Семь столпов мудрости - Томас Лоуренс 34 стр.


Насир взглянул вперед и увидел обнесенную стенами и окруженную лесом мызу, преграждавшую прямую дорогу. Он подозвал Нури Шаалана, и они поспешили туда, чтобы задержать турок.

Мы вернулись на три мили назад к передовому отряду индусов и рассказали их дряхлому, угрюмому полковнику, какой подарок подготовили ему арабы. Он, казалось, не испытывал особого желания нарушить великолепный порядок, в котором маршировали его люди, но наконец отделил один эскадрон и послал его через равнину против турок, направивших на нас легкие орудия. Один или два снаряда разорвались почти между рядами солдат, и тут, к нашему ужасу (ибо Насир пошел на большой риск, ожидая мощной подмоги), полковник отдал приказ к отступлению и быстро отошел к дороге. Мы со Стерлингом бешеными прыжками ринулись за ним, умоляя его не бояться горных орудий, огонь которых был не более опасен, чем выстрелы из дамского пистолета, но ни уговоры, ни наш гнев не смогли заставить старика сдвинуться хоть на дюйм. Мы помчались в третий раз обратно вдоль дороги в поисках высшего начальства.

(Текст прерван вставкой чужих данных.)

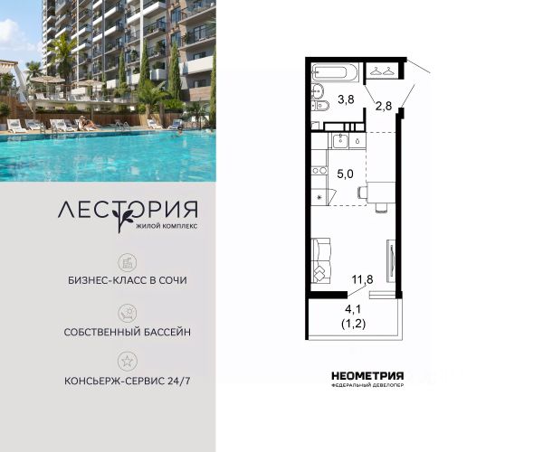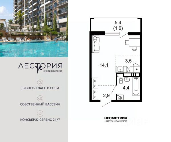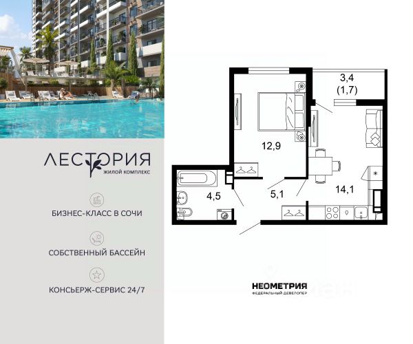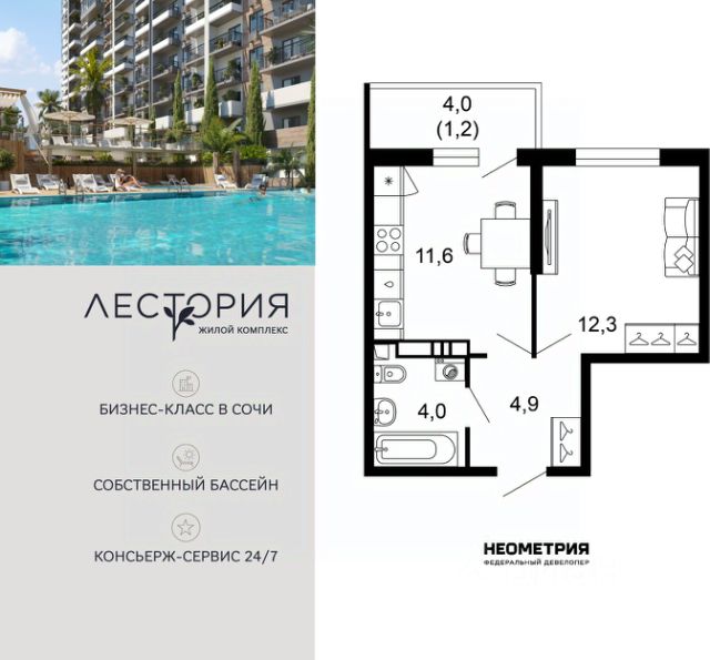Продается квартира в жилом комплексе бизнес-класса "Лестория". В составе ЖК предусмотрена собственная аквазона площадью 473 квадратных метра с двумя подогреваемыми бассейнами, что соответствуют стандартам бизнес-класса. Аквазона объединяет взрослый и детский бассейны. В welcome-zone к услугам посетителей шезлонги и все необходимые принадлежности. Раздевалки с душевыми комнатами, инфракрасная сауна — здесь все предусмотрено для комфортного отдыха и полного расслабления. Для водного комплекса продуман отдельный вход, оборудованный системой контроля и управления доступом (СКУД). Аквазона только часть уникальной инфраструктуры "Лестории", которая включает в себя также благоустроенную территорию с пятьюдесятью функциональными зонами для прогулок, отдыха и занятий спортом, видовые террасы на крышах для отдыха, работы и встреч с друзьями, а также пространство набережной Кудепсты с шезлонгами и перголами. Жилой комплекс "Лестория" состоит из шести домов высотностью от 15 до 17 этажей, окружённых зеленым массивом национального парка. На придомовой территории для жителей предусмотрены закрытые дворы с круглосуточным видеонаблюдением, активити-центр для детей и подростков, тихие зоны для отдыха и медитации. На крышах домов будут созданы зеленые террасы для наслаждения прекрасными видами на море и горы. В проекте предусмотрены разные варианты отделки квартир под потребности покупателей. Тем, кто хочет воплотить в жизнь собственные интерьерные задумки, подойдут квартиры без ремонта. Для комфортной жизни и отдыха в комплексе будет работать круглосуточный консьерж-сервис уровня 5*, который с легкостью закроет все ежедневные потребности: от заказа продуктов и встречи гостей в аэропорту до выгула и дрессировки питомца. К услугам жителей ЖК "Лестория" — собственная управляющая компания, для инвесторов предоставляются услуги доверительного управления. #2Ma9ab

Украшенный красными нашивками адъютант сообщил нам, что с другой стороны идет генерал Грегори.

Мы поехали за генералом, одолжили ему автомобиль, чтобы капитан Генерального штаба, прикомандированный к бригаде, мог доставить срочный приказ кавалерии. Один всадник галопом помчался к конной артиллерии, которая открыла огонь, как раз когда последний луч света скользнул по вершине горы и исчез в облаках. Подоспела миддлсекская вспомогательная кавалерия99, и ее бросили на подмогу арабам, чтобы атаковать турецкий тыл.

К ночи неприятель пришел в полное смятение и, бросив орудия, транспорт и все снаряжение, устремился через низкий участок горной цепи по направлению к вершинам Манна, полагая, что за ними они найдут спасение в безлюдной стране. Однако в безлюдной стране находился Ауда, и в эту ночь своей последней битвы старик убивал одного врага за другим, грабил их и брал в плен, пока заря не положила конец сражению. Так погибла турецкая Четвертая армия, в течение двух лет являвшаяся для нас камнем преткновения.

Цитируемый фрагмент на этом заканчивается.